[Task directions] Write out, without any change, the lines in the material below that run from the line with "6芯5000mAh JBL PARTYBOX 520-TYPEC電池" through the line with "Тогда я в воду", both included.

[Provided records]

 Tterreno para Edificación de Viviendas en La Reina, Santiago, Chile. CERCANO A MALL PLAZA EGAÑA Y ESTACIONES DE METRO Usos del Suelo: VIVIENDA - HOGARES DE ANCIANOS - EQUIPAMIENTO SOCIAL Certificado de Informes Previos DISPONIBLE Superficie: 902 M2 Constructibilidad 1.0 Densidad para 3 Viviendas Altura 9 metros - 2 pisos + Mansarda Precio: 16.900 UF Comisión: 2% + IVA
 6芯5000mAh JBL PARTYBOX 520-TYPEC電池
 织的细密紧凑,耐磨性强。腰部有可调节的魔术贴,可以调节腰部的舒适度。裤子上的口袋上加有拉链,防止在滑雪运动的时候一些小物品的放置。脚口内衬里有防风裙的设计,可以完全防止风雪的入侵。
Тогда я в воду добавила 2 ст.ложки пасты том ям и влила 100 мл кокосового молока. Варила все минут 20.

--

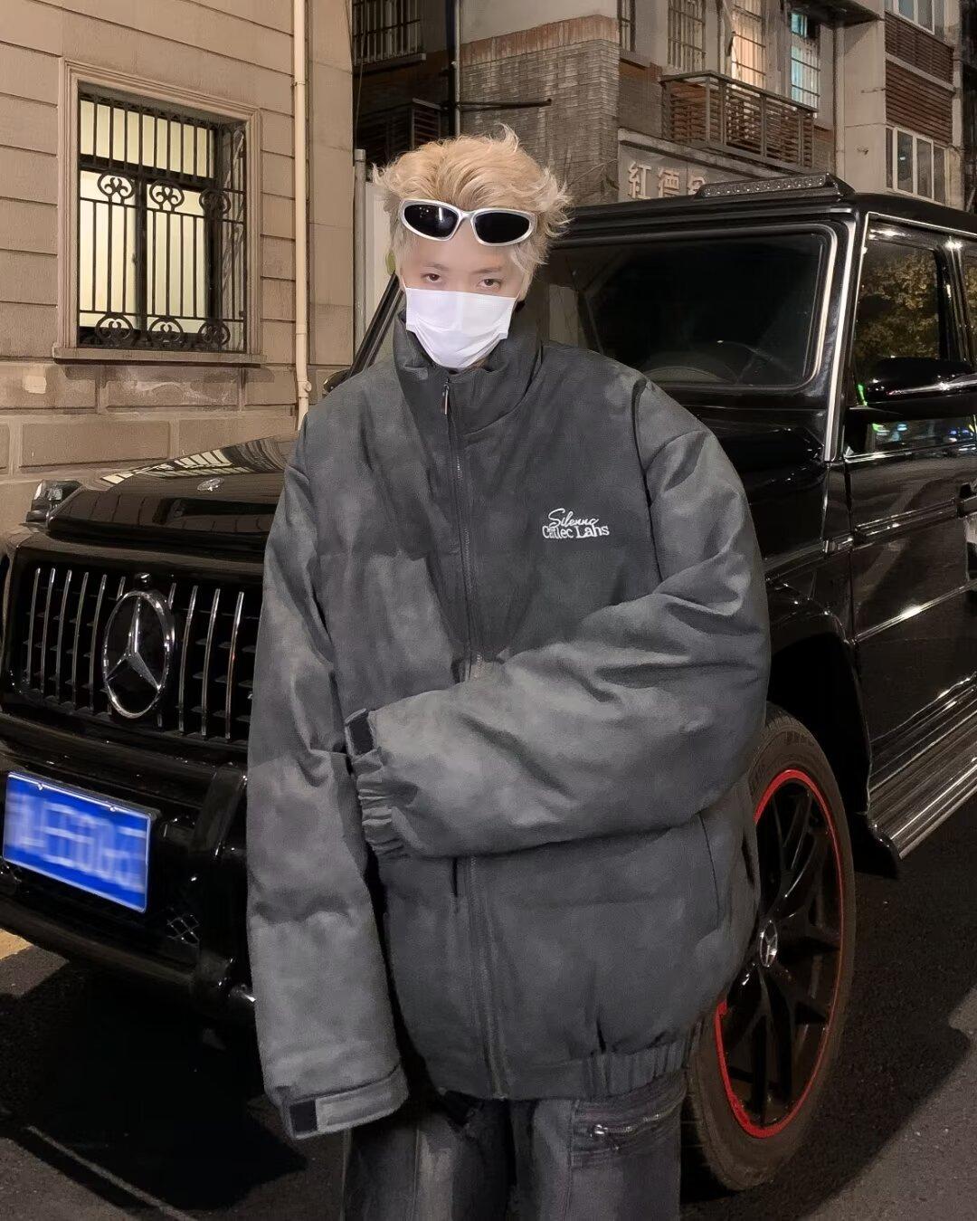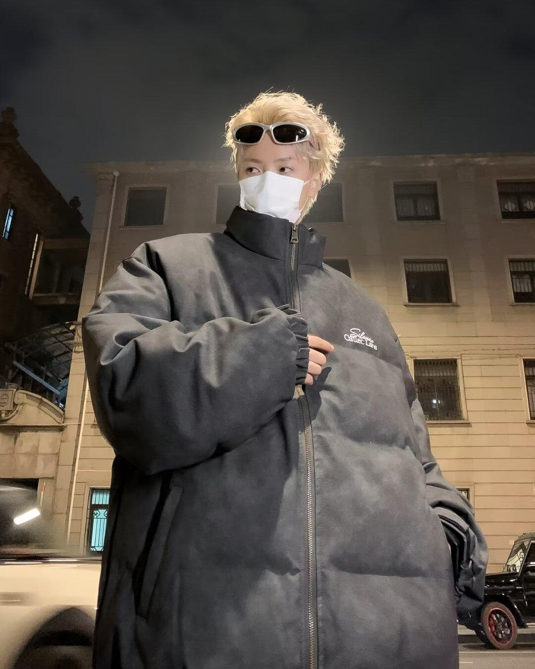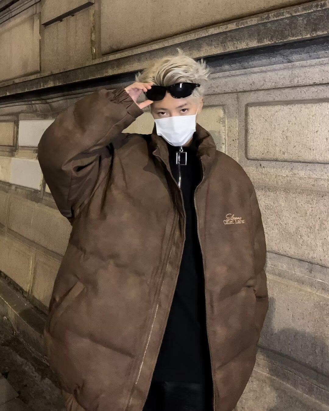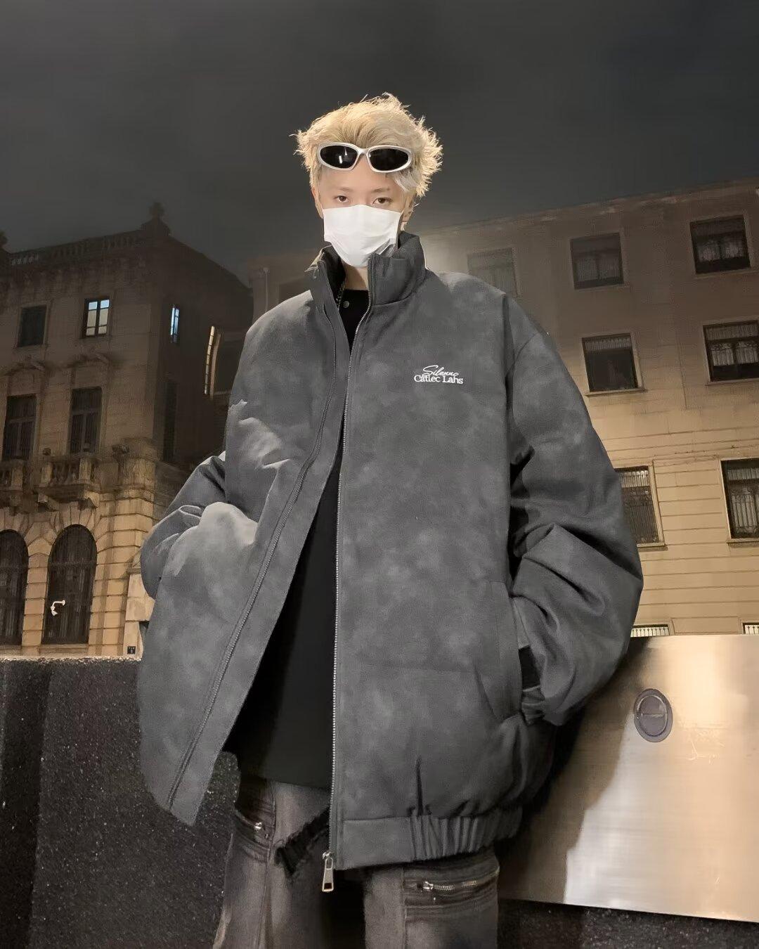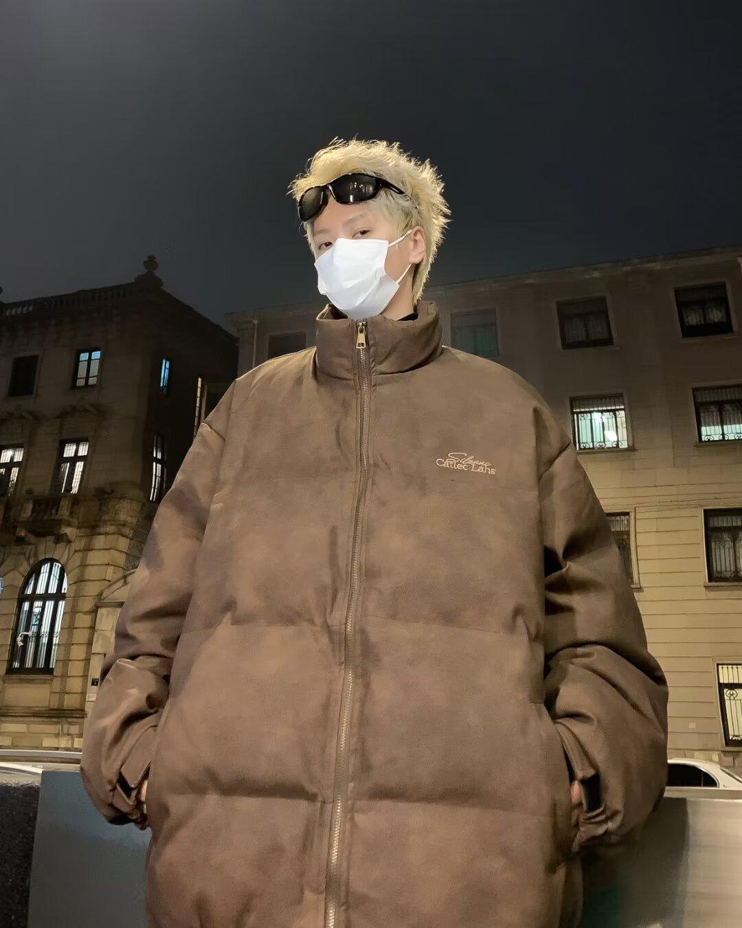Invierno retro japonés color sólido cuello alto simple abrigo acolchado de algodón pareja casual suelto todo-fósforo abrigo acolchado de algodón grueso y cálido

* * *

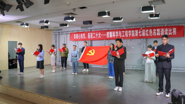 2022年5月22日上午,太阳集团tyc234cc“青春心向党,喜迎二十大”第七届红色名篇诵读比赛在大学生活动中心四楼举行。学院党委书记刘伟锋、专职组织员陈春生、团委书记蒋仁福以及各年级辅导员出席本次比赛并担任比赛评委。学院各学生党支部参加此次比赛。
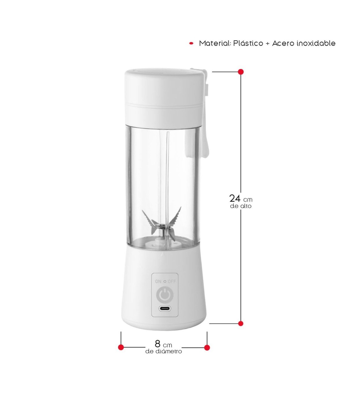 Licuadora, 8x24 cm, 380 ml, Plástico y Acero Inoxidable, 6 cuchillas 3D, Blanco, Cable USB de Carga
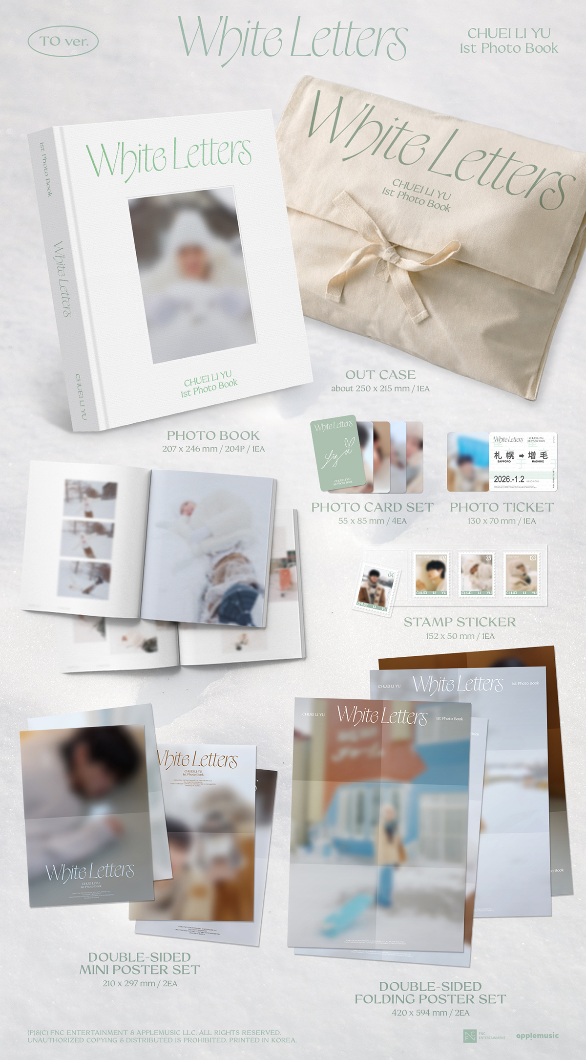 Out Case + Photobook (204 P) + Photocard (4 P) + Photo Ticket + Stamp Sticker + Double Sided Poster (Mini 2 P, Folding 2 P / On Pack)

[Your response]
 6芯5000mAh JBL PARTYBOX 520-TYPEC電池
 织的细密紧凑,耐磨性强。腰部有可调节的魔术贴,可以调节腰部的舒适度。裤子上的口袋上加有拉链,防止在滑雪运动的时候一些小物品的放置。脚口内衬里有防风裙的设计,可以完全防止风雪的入侵。
Тогда я в воду добавила 2 ст.ложки пасты том ям и влила 100 мл кокосового молока. Варила все минут 20.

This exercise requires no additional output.